Barbara Thiessen fragte am 09.02.2017

Anfang und Ende des Lebens scheinen mir nicht ausreichend begleitet zu sein. Wie kann palliative Versorgung ambulant ausreichend gesichert werden? Und wie wird Geburtsbegleitung durch Hebammen trotz steigender Versicherungssummen zukünftig ermöglicht?

Ulrike Hauffe antwortete

Liebe Frau Thiessen,

mein Eindruck ist, dass derzeit beide Themen endlich "angekommen" sind. Und mir gefällt es sehr, dass sie beides, den Lebensanfang und das Lebensende zusammenfassen. Ich empfinde diesen Zusammenhang auch als sehr bedeutungsvoll. Abhängig davon, wie eine Gesellschaft den Anfang und das Ende wertschätzen, ist ihre Menschlichkeit definiert.
Nun konkret: Gerade ist das Nationale Gesundheitsziel "Gesundheit rund um die Geburt" verabschiedet und den entsprechenden Bundestagsausschüssen übergeben worden. Hier ist die Rolle der Hebammen noch einmal sehr gestärkt worden. Die Versicherungssummen stehen nicht in Zusammenhang mit einer Häufung von Geburtsschäden, sondern mit der verlängerten Frist von 10 auf 30 Jahre, dass nachträglich Auffälligkeiten bei den Kindern auf die Geburt zurückgeführt werden können. Das gilt nicht nur für Hebammen, sondern auch für geburtshelfende Ärztinnen und Ärzte.
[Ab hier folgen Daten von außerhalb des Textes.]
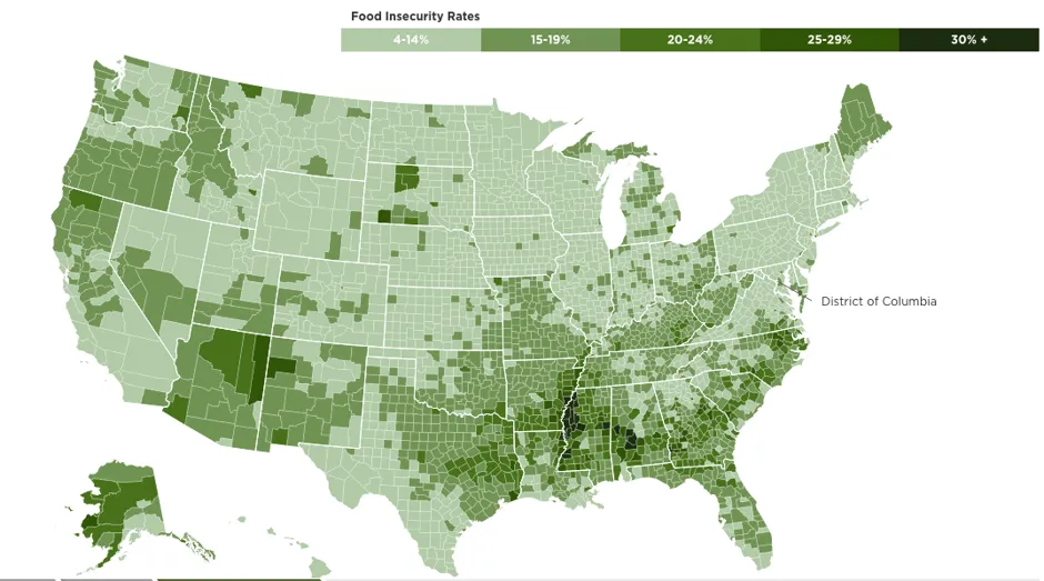 喂养美国报告中最相关的发现之一是,儿童的食品不安全率高于全国整体食品不安全率。在一些县,几乎42%的儿童面临饥饿。因此,国会的立法者推动 削减免费和减价午餐项目在学校——这一举措可能会使 数百万美国低收入儿童的处境更加糟糕。

Dass diese Versicherungssummen zu einem großen Teil von den Krankenkassen bezahlt werden ist nicht sachgerecht. Versichertengelder sollten für die Versorgung und nicht für die Finanzen der Versicherungsunternehmen genutzt werden. Richtiger wäre eine staatliche Fondlösung (wie schon u.a. bei Impfungen bekannt), auf die sich bisher jedoch das BMG nicht einlassen will.
Und zum Lebensende: Ich glaube, dass wir mehr und mehr das Thema Palliativ-Versorgung und Tod aus dem gesellschaftlichen Tabu herausholen. 2010 wurde die Charta zur Betreuung schwerstkranker und sterbender Menschen veröffentlicht. Bis November 2016 wurde sie zu einer nationalen Strategie weiterentwickelt. Träger dieses Prozesses sind die Bundesärztekammer, der Deutsche Hospiz- und PalliativVerband und die Deutsche Gesellschaft für Palliativmedizin. Die gesetzlichen Neufassungen definieren nun eine Vollfinanzierung. Die Versorgungsstrukturen werden bedarfsgerecht weiterentwickelt. Selbstverständlich ist nicht alles gut, aber im Werden!
Ich danke Ihnen für diese so wichtige Frage. Als Mitglied im Verwaltungsrat haben wir deutliche Möglichkeiten, diese Prozesse zu stärken. Umso mehr ist es wichtig, dass Sie und Ihre Bekannten wählen - am besten uns, denn wir haben Ahnung!